[Records drawn from a dataset]
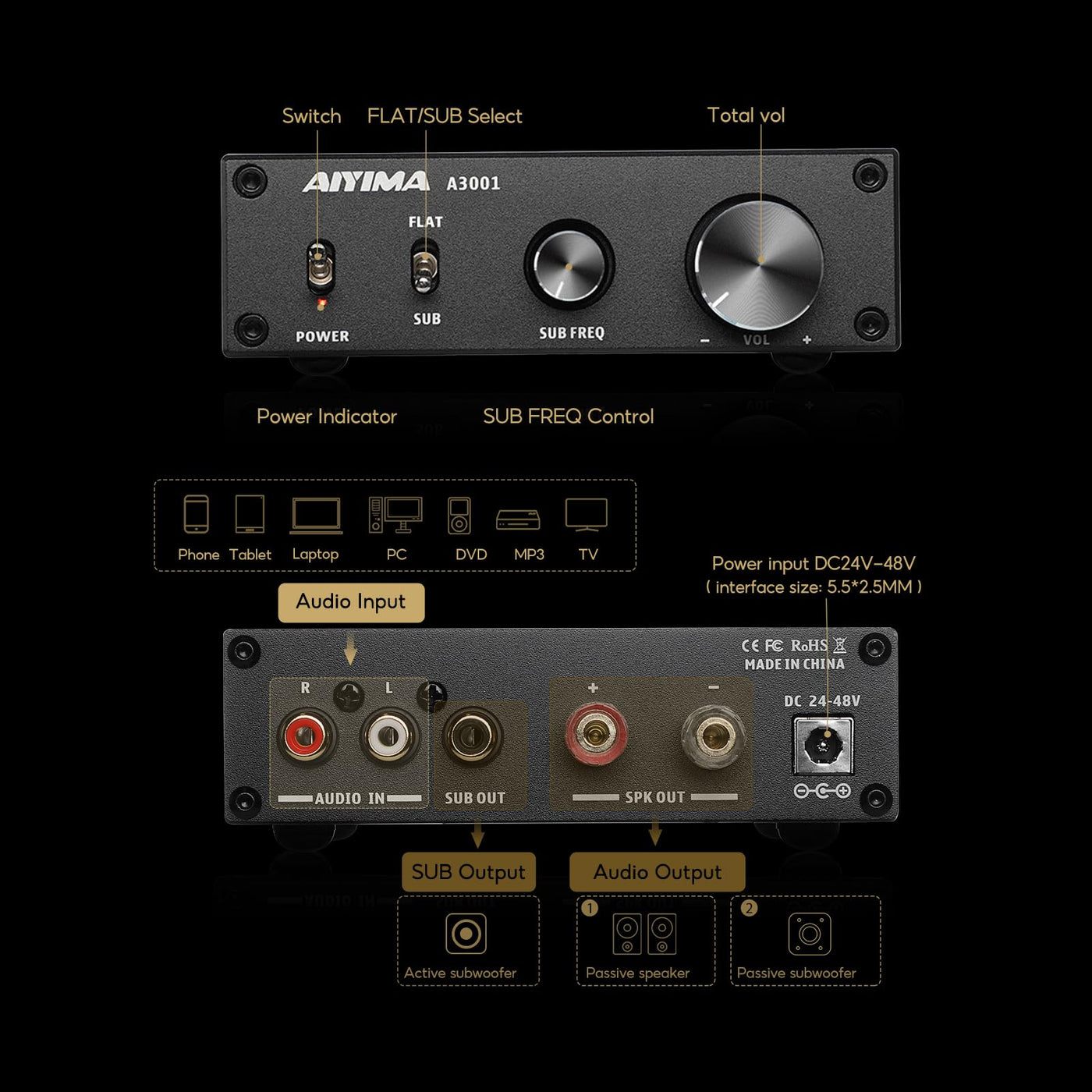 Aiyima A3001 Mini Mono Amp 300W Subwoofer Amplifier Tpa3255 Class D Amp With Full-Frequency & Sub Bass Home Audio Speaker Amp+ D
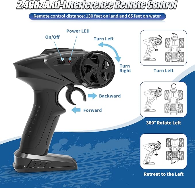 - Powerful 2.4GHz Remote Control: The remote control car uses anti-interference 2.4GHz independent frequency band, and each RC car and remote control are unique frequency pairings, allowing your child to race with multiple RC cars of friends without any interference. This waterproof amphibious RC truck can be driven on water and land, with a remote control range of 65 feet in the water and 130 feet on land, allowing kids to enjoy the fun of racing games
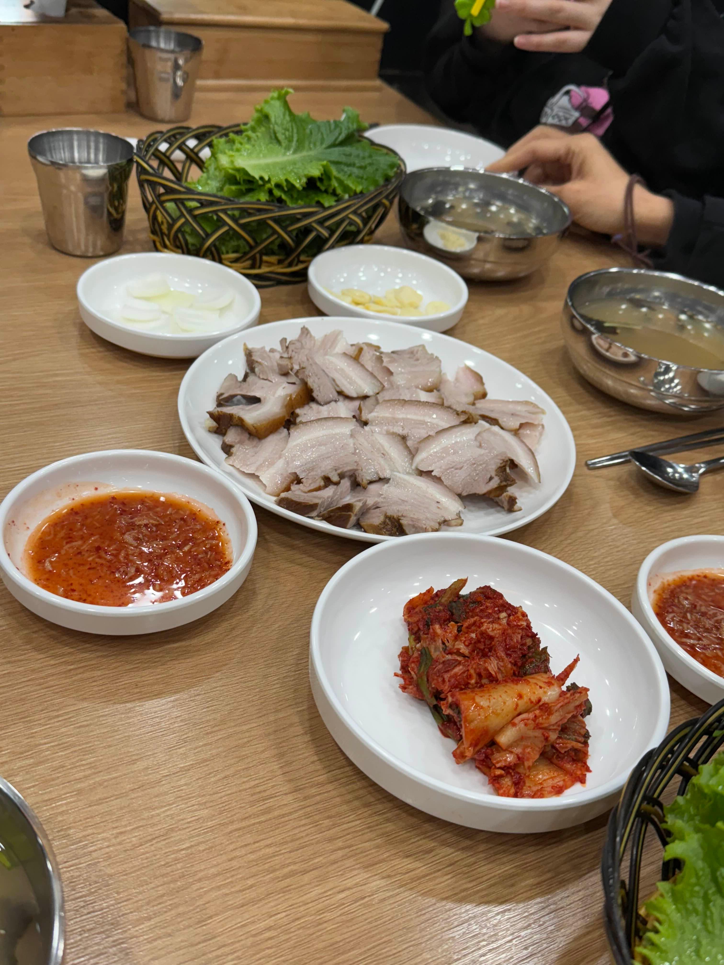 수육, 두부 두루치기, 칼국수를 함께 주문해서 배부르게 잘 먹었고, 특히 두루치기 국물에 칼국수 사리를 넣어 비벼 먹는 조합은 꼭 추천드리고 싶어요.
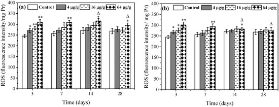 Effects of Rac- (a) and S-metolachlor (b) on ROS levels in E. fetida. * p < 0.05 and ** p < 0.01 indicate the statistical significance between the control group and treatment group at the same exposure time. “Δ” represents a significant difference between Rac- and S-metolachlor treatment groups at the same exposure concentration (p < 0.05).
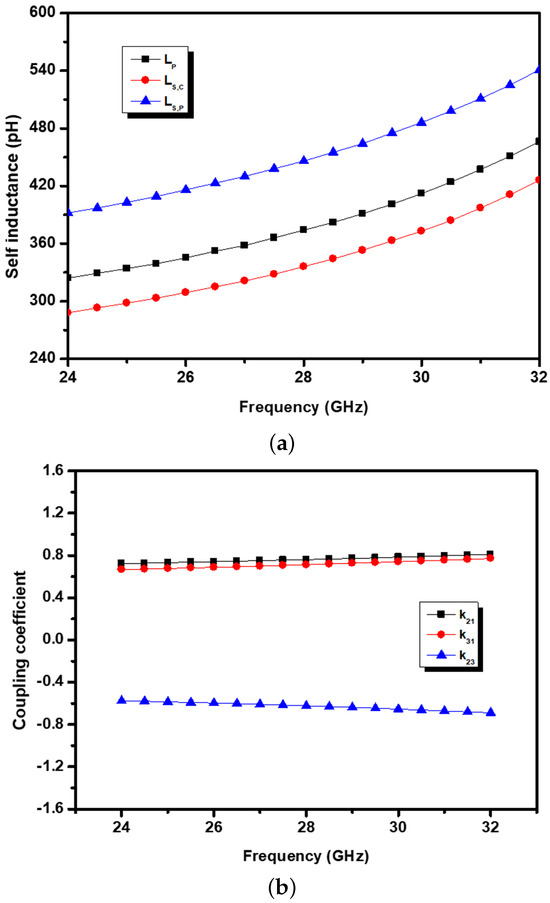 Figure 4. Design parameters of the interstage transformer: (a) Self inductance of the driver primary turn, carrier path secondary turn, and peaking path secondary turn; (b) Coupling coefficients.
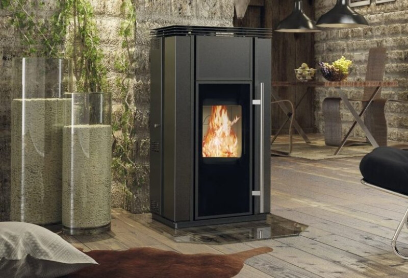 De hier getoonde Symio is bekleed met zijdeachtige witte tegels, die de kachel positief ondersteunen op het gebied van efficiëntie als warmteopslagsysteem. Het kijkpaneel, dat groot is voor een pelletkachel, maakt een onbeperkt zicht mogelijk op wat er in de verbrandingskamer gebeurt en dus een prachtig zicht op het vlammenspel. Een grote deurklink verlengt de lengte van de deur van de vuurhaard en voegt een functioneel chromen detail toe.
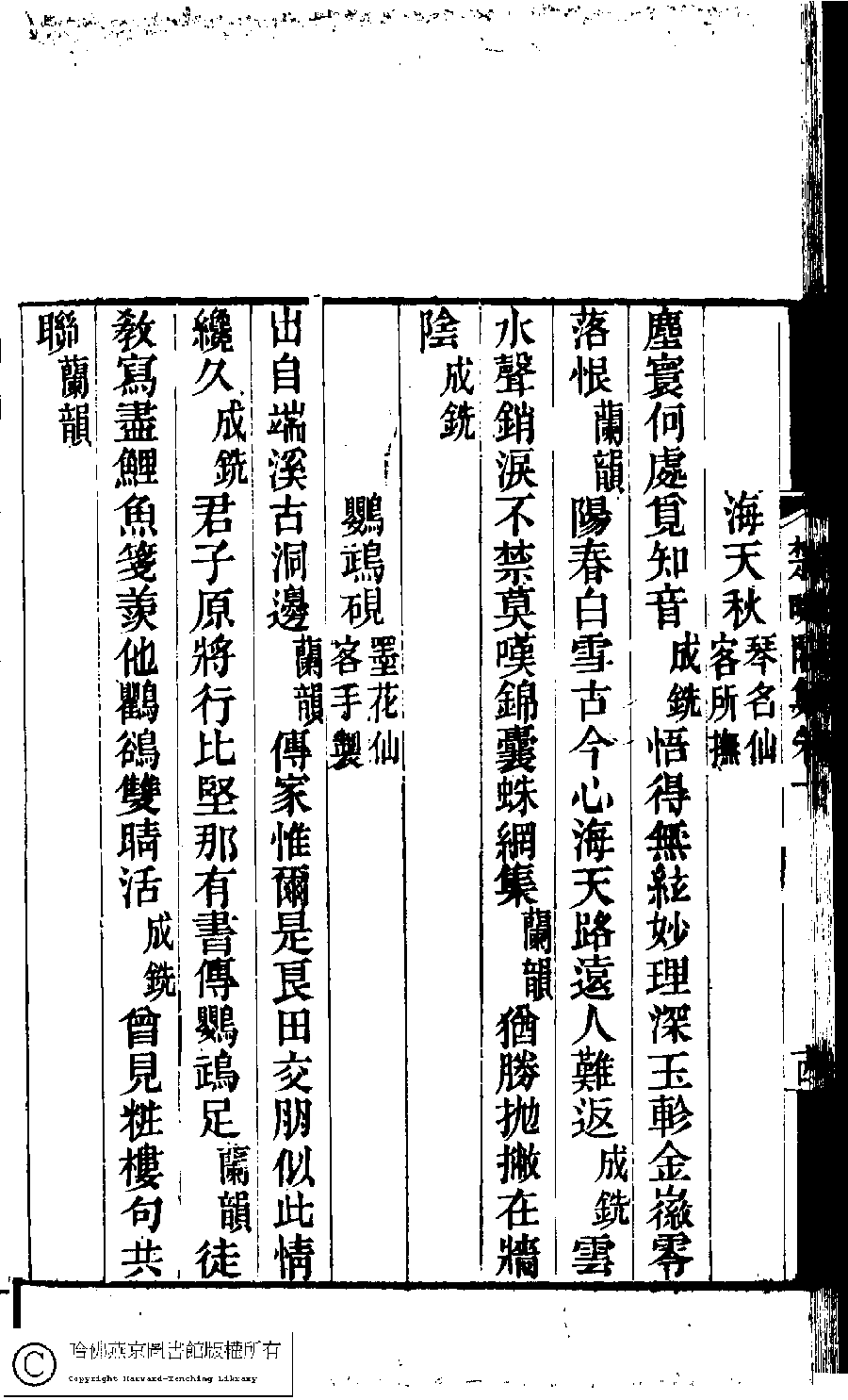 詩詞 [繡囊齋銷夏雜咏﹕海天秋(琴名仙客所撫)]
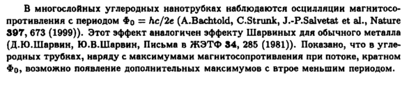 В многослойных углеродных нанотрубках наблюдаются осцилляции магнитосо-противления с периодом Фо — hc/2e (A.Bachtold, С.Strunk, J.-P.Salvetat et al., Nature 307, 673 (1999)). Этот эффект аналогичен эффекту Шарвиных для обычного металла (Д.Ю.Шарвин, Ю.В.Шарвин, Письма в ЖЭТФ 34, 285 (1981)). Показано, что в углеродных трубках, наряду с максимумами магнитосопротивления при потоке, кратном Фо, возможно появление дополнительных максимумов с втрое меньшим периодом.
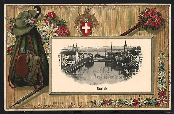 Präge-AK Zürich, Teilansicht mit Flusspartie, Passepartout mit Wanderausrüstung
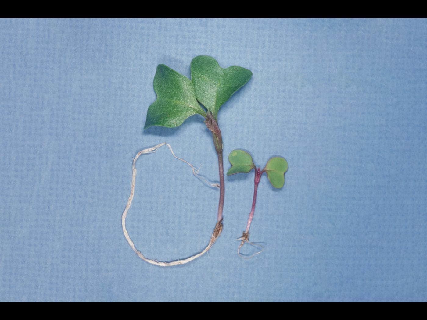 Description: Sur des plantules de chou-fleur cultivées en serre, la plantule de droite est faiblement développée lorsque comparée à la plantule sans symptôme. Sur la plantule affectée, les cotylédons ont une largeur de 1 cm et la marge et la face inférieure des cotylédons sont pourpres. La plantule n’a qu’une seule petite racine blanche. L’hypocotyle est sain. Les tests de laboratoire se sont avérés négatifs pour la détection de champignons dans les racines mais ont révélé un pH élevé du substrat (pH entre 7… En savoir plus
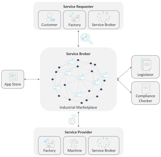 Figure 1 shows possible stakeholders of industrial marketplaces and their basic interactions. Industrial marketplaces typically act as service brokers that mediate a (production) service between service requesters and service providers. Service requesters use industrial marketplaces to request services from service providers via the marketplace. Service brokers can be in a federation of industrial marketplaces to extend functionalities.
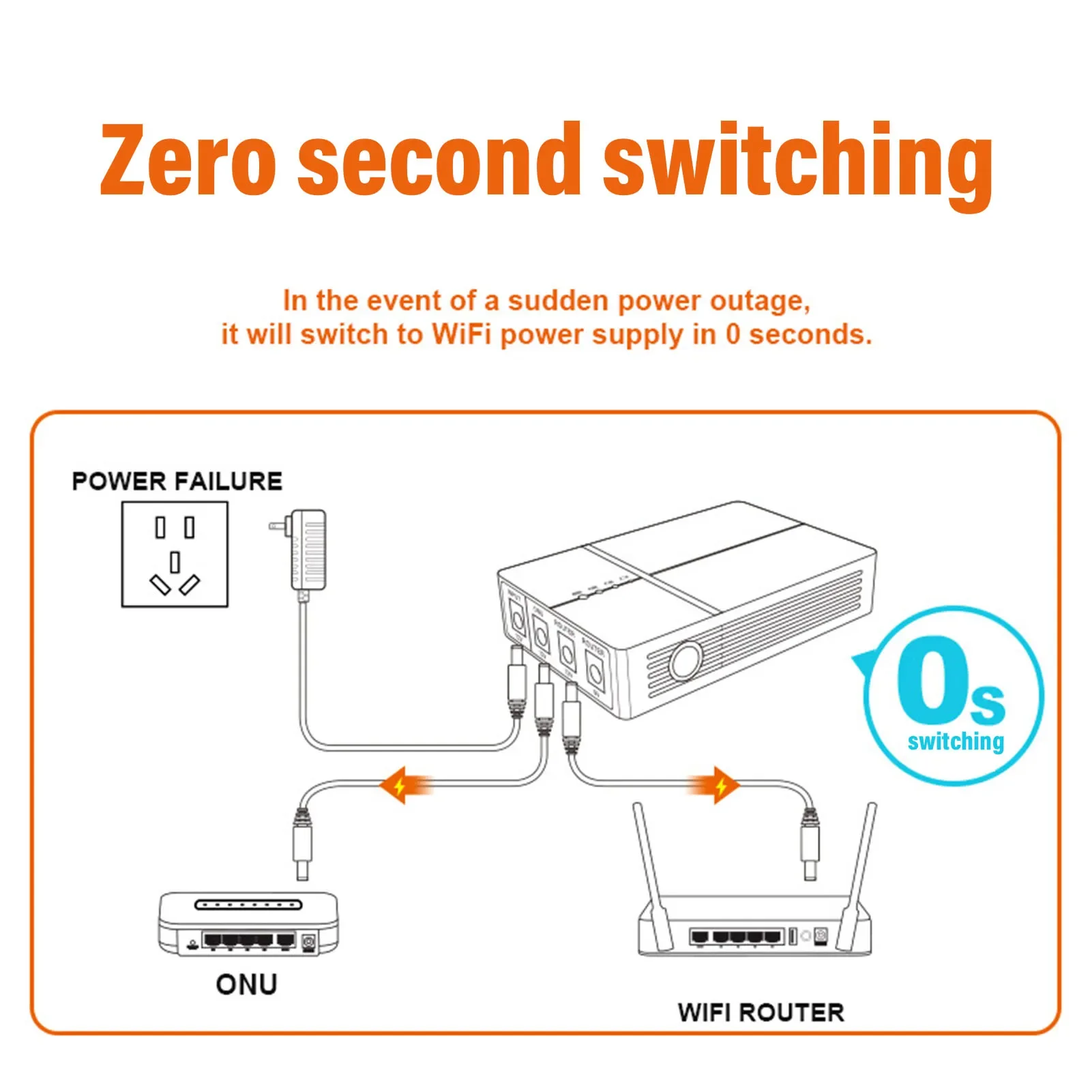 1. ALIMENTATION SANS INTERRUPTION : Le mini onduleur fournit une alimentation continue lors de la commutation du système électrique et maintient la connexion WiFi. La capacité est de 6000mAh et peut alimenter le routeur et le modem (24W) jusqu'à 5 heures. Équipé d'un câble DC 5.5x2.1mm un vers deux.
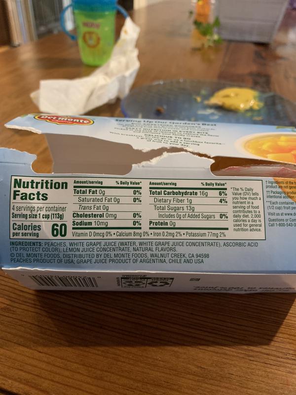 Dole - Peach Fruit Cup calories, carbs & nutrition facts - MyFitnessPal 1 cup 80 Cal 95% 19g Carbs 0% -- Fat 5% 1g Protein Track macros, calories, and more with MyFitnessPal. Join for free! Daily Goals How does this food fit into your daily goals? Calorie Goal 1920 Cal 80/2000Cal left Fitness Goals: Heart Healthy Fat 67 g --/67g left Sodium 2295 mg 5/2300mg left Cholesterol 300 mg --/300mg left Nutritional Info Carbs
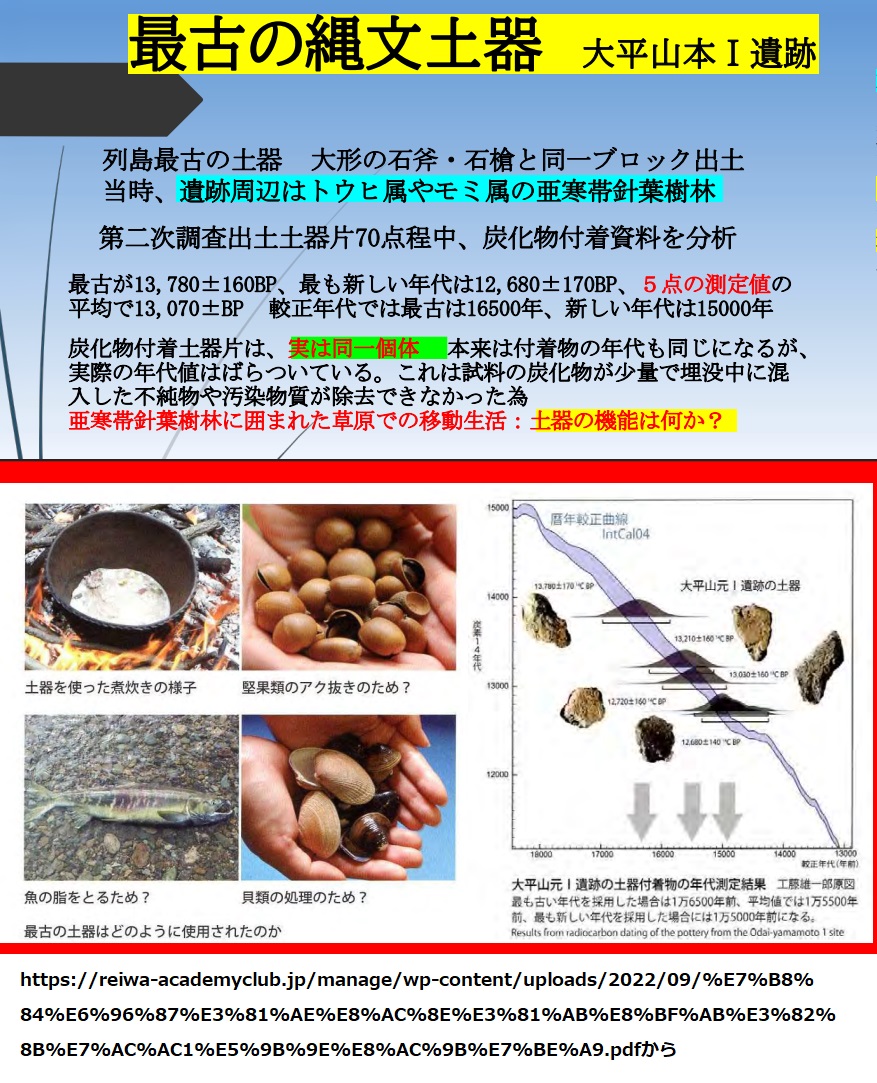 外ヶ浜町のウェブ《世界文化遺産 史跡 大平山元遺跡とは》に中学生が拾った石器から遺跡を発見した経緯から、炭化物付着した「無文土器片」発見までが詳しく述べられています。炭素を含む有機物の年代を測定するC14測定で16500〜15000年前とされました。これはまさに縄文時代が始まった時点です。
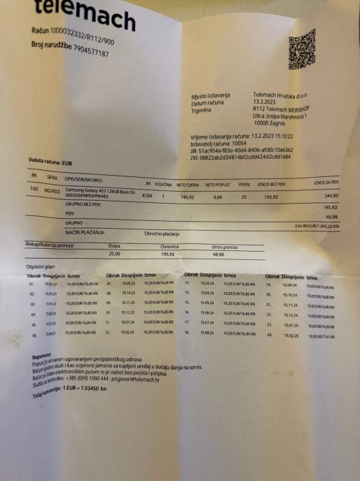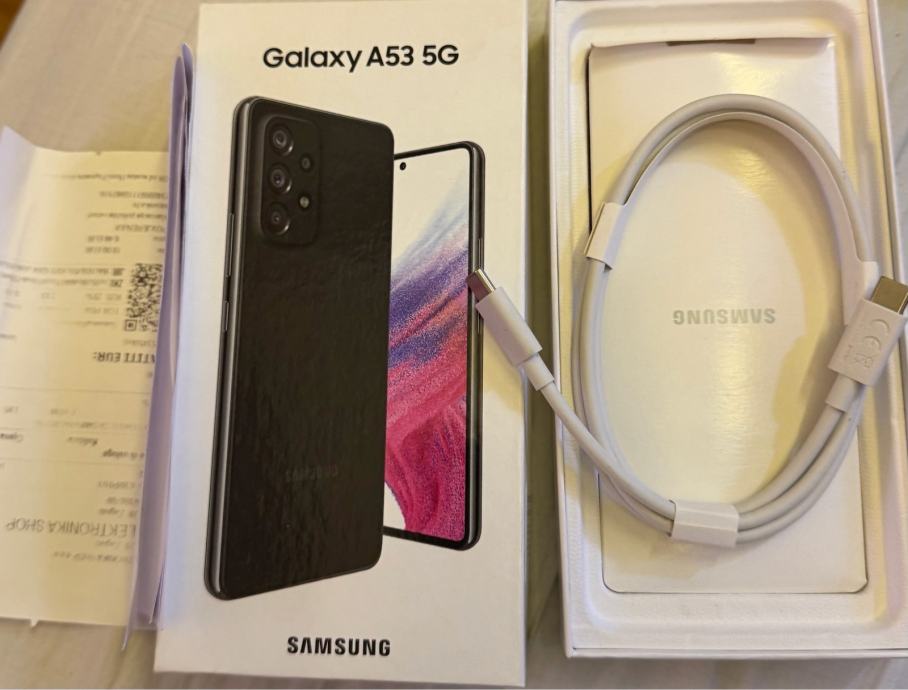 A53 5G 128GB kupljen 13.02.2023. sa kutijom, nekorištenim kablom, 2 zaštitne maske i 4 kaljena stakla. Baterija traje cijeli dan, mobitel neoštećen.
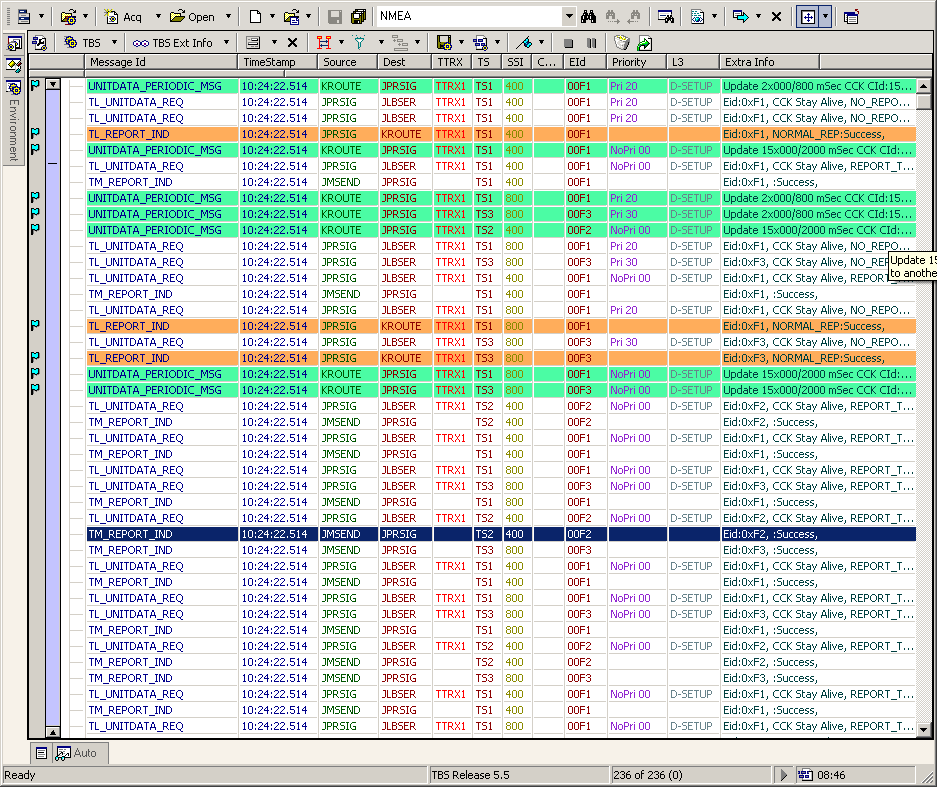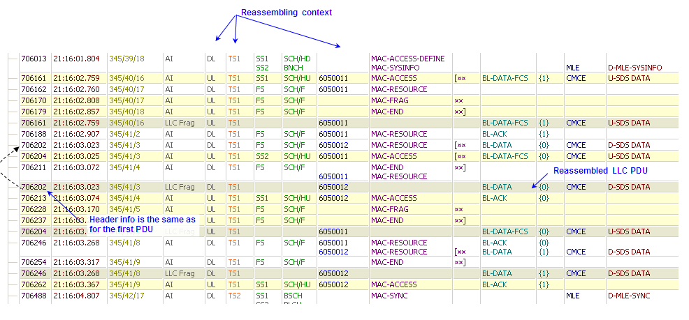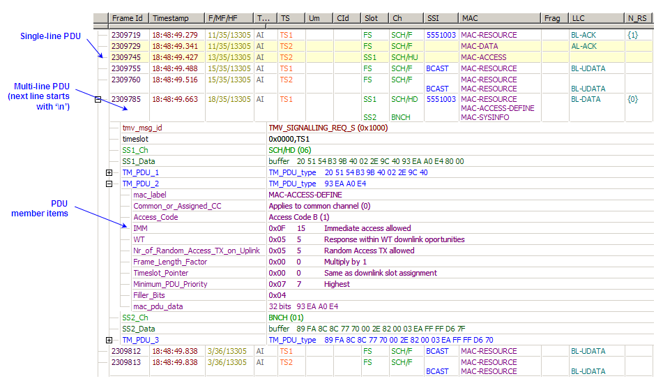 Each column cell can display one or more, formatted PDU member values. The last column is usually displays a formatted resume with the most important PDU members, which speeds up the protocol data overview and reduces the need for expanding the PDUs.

• _Try it_:
The first line of the entries, the line containing "Figure 4. Design", and every line between them are to be output exactly; pictures are not.

• _Solved problem_:
 Aiyima A3001 Mini Mono Amp 300W Subwoofer Amplifier Tpa3255 Class D Amp With Full-Frequency & Sub Bass Home Audio Speaker Amp+ D
 - Powerful 2.4GHz Remote Control: The remote control car uses anti-interference 2.4GHz independent frequency band, and each RC car and remote control are unique frequency pairings, allowing your child to race with multiple RC cars of friends without any interference. This waterproof amphibious RC truck can be driven on water and land, with a remote control range of 65 feet in the water and 130 feet on land, allowing kids to enjoy the fun of racing games
 수육, 두부 두루치기, 칼국수를 함께 주문해서 배부르게 잘 먹었고, 특히 두루치기 국물에 칼국수 사리를 넣어 비벼 먹는 조합은 꼭 추천드리고 싶어요.
 Effects of Rac- (a) and S-metolachlor (b) on ROS levels in E. fetida. * p < 0.05 and ** p < 0.01 indicate the statistical significance between the control group and treatment group at the same exposure time. “Δ” represents a significant difference between Rac- and S-metolachlor treatment groups at the same exposure concentration (p < 0.05).
 Figure 4. Design parameters of the interstage transformer: (a) Self inductance of the driver primary turn, carrier path secondary turn, and peaking path secondary turn; (b) Coupling coefficients.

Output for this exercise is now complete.